» Aim of the task
Only the lines below, from the one with "Get out all" through the one with "Wandgraffiti einer Wechselkröte.", are to be written out, exactly.

Input data Start Marker

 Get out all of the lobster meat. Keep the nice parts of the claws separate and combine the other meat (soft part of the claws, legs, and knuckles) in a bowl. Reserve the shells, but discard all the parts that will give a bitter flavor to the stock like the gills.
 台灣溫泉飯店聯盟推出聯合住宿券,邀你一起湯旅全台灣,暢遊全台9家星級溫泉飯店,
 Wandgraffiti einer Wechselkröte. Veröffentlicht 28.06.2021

Input data End Marker
Input data Start Marker

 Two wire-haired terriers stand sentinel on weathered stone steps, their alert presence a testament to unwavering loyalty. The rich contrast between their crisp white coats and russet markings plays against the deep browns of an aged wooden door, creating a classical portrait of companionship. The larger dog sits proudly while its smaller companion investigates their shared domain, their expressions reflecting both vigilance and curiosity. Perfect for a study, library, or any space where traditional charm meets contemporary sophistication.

Input data End Marker

» Task answer
 Get out all of the lobster meat. Keep the nice parts of the claws separate and combine the other meat (soft part of the claws, legs, and knuckles) in a bowl. Reserve the shells, but discard all the parts that will give a bitter flavor to the stock like the gills.
 台灣溫泉飯店聯盟推出聯合住宿券,邀你一起湯旅全台灣,暢遊全台9家星級溫泉飯店,
 Wandgraffiti einer Wechselkröte. Veröffentlicht 28.06.2021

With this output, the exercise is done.